I was just looking at my old blog from two years ago:
I just made it to Silver Level 6 and ran across an old post from one of the activities. It made me realize the importance of this journey and what it means and why I'm doing this. It made me realize what I have at stake if I quit again.....
It's so sad to see how positive, motivated and committed I was and then I quit. This scares me very badly because if this happened before, will I let it happen again? I started that year at 250 pounds and before I quit, when I was doing SO well, I had gotten down to 188 pounds.......I lost my motivation, my desire to excel and to try, I gained back some weight and then.....I just quit. Stopped cold. So. Stupid.

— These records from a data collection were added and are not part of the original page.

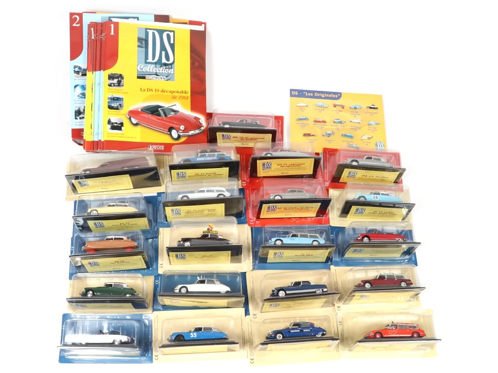 série DS COLLECTION CITROËN - du numéro 1 à 21 - comprend notamment les modèles : DS 19 TOUR DE CORSE, ID 20 BREAK AMBULANCE DE POMPIERS, ID FAMILIALE & DS 21 MAJESTY HENRI CHAPRON - on y joint 1 classeur, fascicules & une planche de 15 pin's DS "LES ORIGINALES"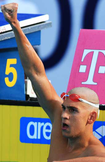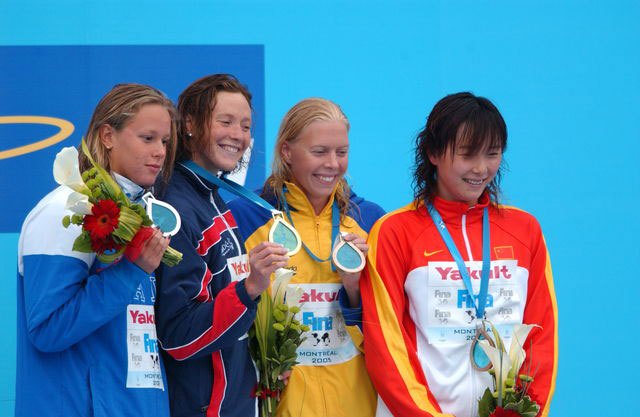 200 м вольный стиль: Ф.Пелегрини (Италия), С.Фиге (Франция), Д.Лилльхаге (Швеция), Ю Янг (Китай)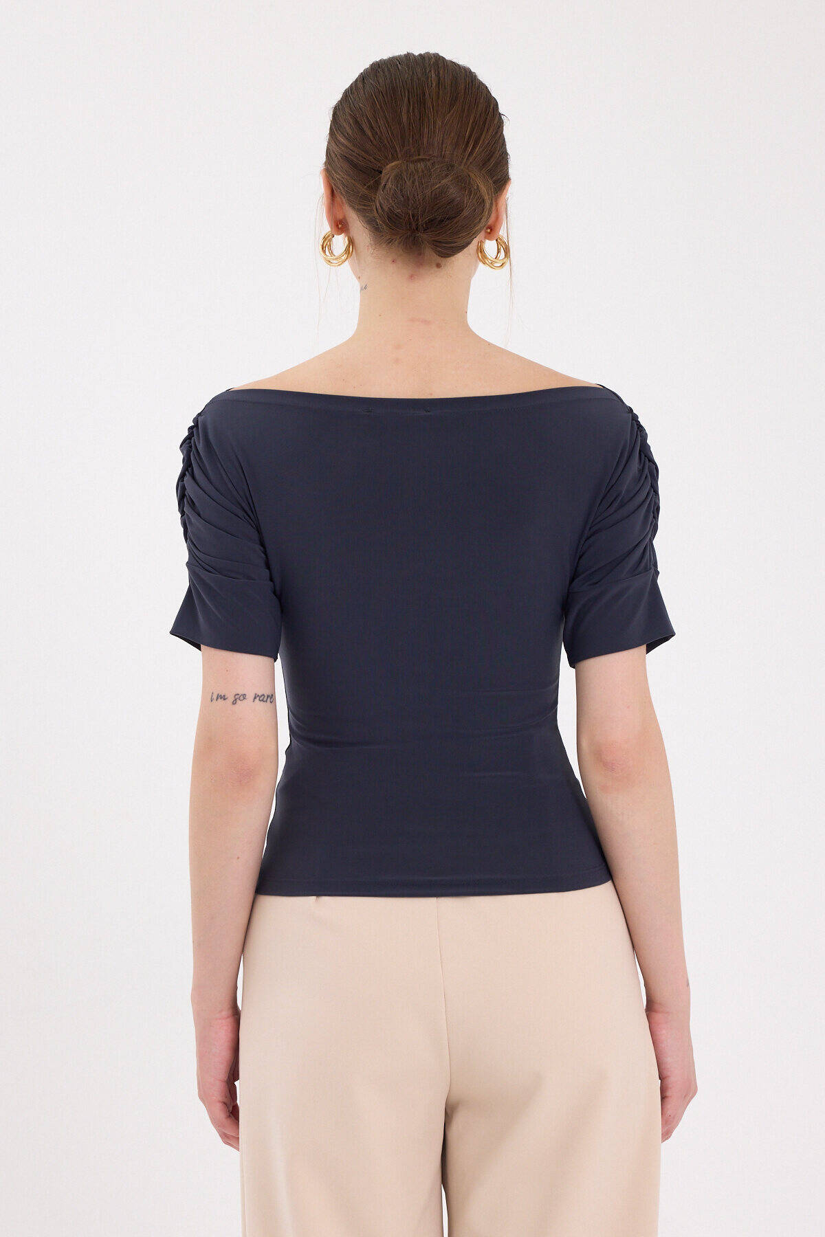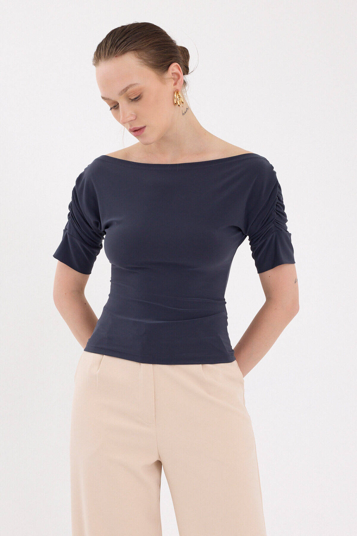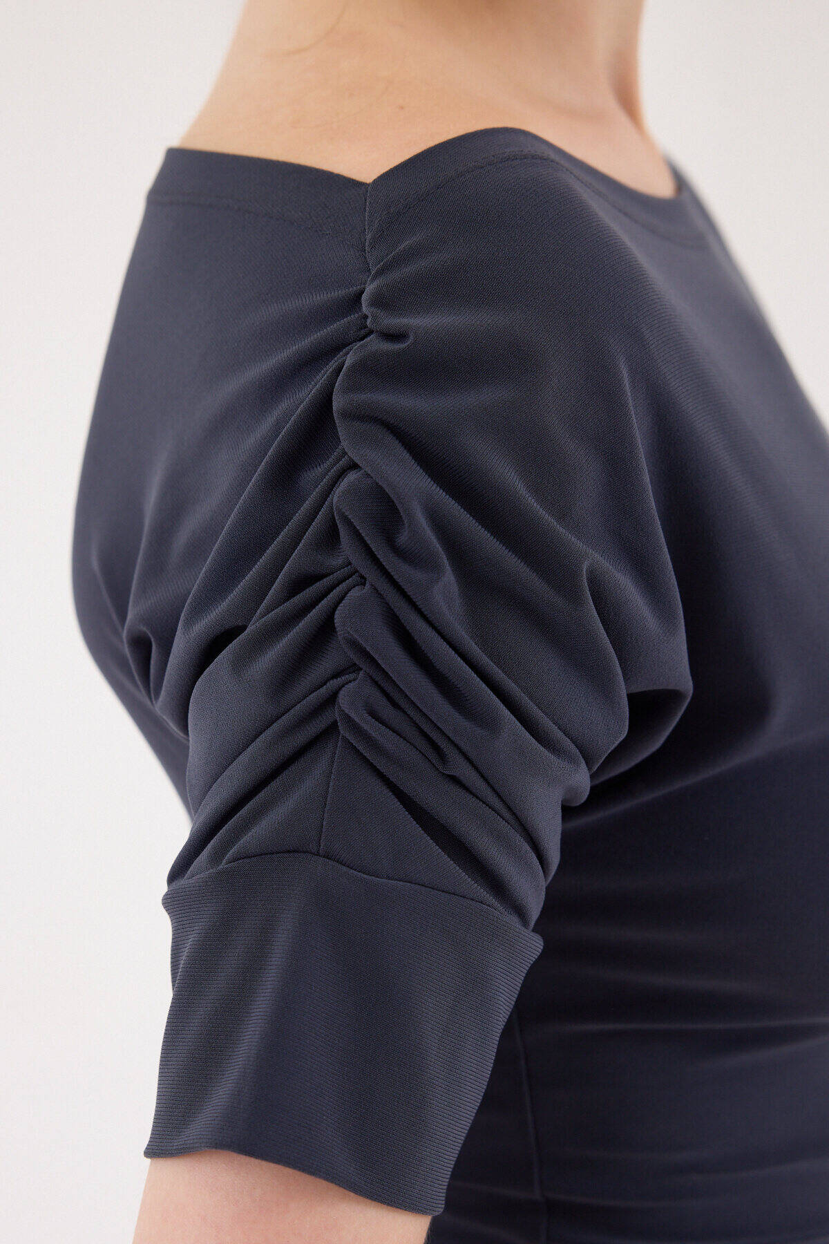 Füme Kayık Yaka Kol Büzgülü Bluz 2515

The only thing I can do is not to do this again.
So I have this song on my MP3 called "All Fired Up" it's an old-ish Pat Benatar song. It inspires me, motivates me:
Livin' with my eyes closed, goin' day to day
I never knew the difference, I never cared either way
Lookin' for a reason, searchin' for a sign
Reachin' out with both hands, I gotta feel the kick inside.
Ain't nobody livin', in a perfect world
Everybody's out there, cryin' to be heard
Now I got a new fire, burnin' in my heart
Lightin' up the darkness, movin' like a meteorite
Now I believe there comes a time
When everything just falls in line
We live an' learn from our mistakes
The deepest cuts are healed by faith
I DO NOT want to come back this way. I NEVER want to see these scale numbers again.
I want to be strong.
I don't want to be dead inside because I feel dead on the outside.
Ok so I've been logging all my exercise in my activity planner because I don't want it to mess up my calorie count....but I will post it here for inquiring minds to see.
30 minutes on weight machines
45 minutes elliptical (670 calories)
45 minutes treadmill (430 calories)
I wonder what the calorie count is for weight machines?